6.2. Ablation Studies

The authors performed an ablation study (Table 2 in the paper) to verify the necessity of each module:

• Removing Distribution Balancing (DB): Replacing the optimal partitioning with a standard top-20% split causes a performance drop, proving that the new partitioning algorithm is more effective.
• Removing Feedforward (FF): Without stepwise enhancement (just training experts independently?), performance drops significantly, showing the value of KD.
• Removing Feedback (FB): Removing the Sinkhorn-based feedback leads to a decrease in metrics, confirming that global context helps refine tail experts.
• Conclusion: The full HPSERec model (DB + FF + FB) performs best, indicating all components are complementary.

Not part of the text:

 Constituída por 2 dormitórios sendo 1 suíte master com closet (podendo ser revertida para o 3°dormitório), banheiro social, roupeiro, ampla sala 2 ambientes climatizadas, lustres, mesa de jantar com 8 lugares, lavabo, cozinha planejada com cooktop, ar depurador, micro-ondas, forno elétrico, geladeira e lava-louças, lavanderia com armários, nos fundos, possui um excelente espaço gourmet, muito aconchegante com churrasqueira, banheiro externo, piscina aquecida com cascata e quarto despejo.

7. Conclusion & Reflections

7.1. Conclusion Summary

HPSERec effectively tackles the long-tail problem in sequential recommendation by abandoning the "one-size-fits-all" or binary "head/tail" approaches. Instead, it views the data as a spectrum, partitioning it hierarchically and training a chain of experts. The combination of Knowledge Distillation (for transferring tail signals up) and Sinkhorn Optimal Transport (for passing global context down) creates a balanced system that significantly improves recommendations for rare items without sacrificing popular ones.

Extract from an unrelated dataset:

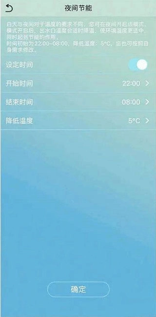 3、大家还能开启夜间模式,在设定的时间范围内,出水温度会自动降低5℃(该降幅可按需调整)。稍低一些的室温,既有助于节能,又更有利于提升睡眠质量。

7.2. Limitations & Future Work

• Hyperparameters: The framework introduces several new hyperparameters (number of subsets $L$, imbalance weight $\alpha$, regularization $\gamma$, etc.) which might require extensive tuning for different datasets.
• Computational Complexity: The subset partitioning algorithm (Dynamic Programming) and the Sinkhorn iterations add computational overhead compared to simpler models. The authors note this might be a bottleneck for extremely large-scale item sets and suggest future work on incremental learning strategies.

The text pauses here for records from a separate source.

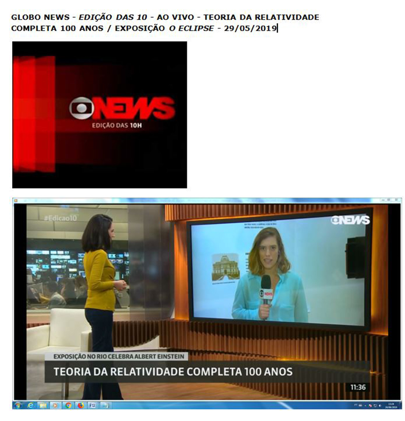 Globo News | Edição das 10 - Ao Vivo - Teoria da Relatividade completa 100 anos - Exposição O Eclipse
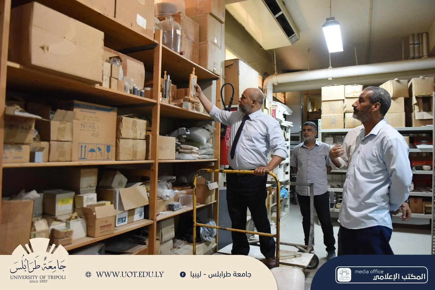 قام السيد أ.د. خالد غومة رئيس جامعة طرابلس المُكلف، اليوم الخميس الموافق 13 يونيو 2024م بجولة ميدانية داخل كليات جامعة طرابلس وما تحتويه أروقتها من معامل ومرافق، برفقة السيد أ. عبد الله الترهوني مدير المكتب الإعلامي بالجامعة، ركز رئيس الجامعة خلال جولته على تفقد معامل الكليات التي تم استلامها ودخلت مرحلة التجهيز والتركيب، حيث كرست رئاسة الجامعة جهودها مؤخرًا في توفير معامل تعليمية مجهزة بأحدث التقنيات للرفع من المخرجات التعليمية، وضمان التدريب العملي للطلبة، وتوفير بيئة تعليمية ملائمة تليق بأبناء هذا الصرح العلمي.
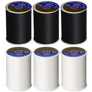 6 Pack Bundle - (3 Black + 3 White) - Coats & Clark Dual Duty All-Purpose Thread - Three 400 Yard Spools each of BLACK & White
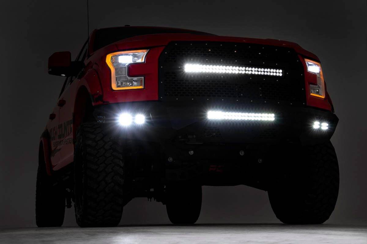 Give the front of your F-150 an aggressive, new appearance with Rough Country's Front LED Bumper. This easy-to-install upgrade gives your truck an improved look and better protection, with a dual set of 2in LED Cubes and a 20in LED Light Bar that offer impressive off-road illumination! Rough Country's Front LED Bumper is made of a durable, all-steel construction that s ready to handle whatever you dish out. Each bumper features four Rough Country Black-Series 2in LED Cubes and a 20in LED Light Bar that offer over 15,000 lumens of combined lighting power. This incredible front bumper system is powder coated flat black and is ready to withstand the elements for a long lifespan of good looks. Rough Country's Rear LED Bumper is also easy to install with no cutting or drilling required! Best of all each bumper includes a 3-year warranty.
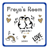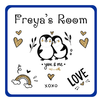 Personalised Cute Penguins In Love Kids Bedroom Door Sign - Unique Gift

7.3. Personal Insights & Critique

• Innovation: The use of Optimal Transport for feedback is a brilliant touch. Most "distillation" works only one way (Teacher -> Student). Here, the bidirectional flow (Tail $\rightleftarrows$ Global) allows the model to find a "middle ground" where tail items are distinct but not isolated from the global latent space.
• Applicability: The idea of hierarchical partitioning based on an imbalance metric is highly transferable. It could be applied to other long-tail domains like object detection (rare classes) or medical diagnosis (rare diseases), where binary splits are also insufficient.
• Critique: The paper relies on the assumption that "adjacent" experts are the best for distillation. It would be interesting to see if "skip connections" (e.g., Expert 1 distilling directly to Expert 3) could help, or if the strictly sequential chain is indeed optimal. Furthermore, while it beats LLM-based methods, the cost of training $L$ expert networks (even if they share some structure, which isn't fully detailed) might be higher than fine-tuning a single adapter for an LLM.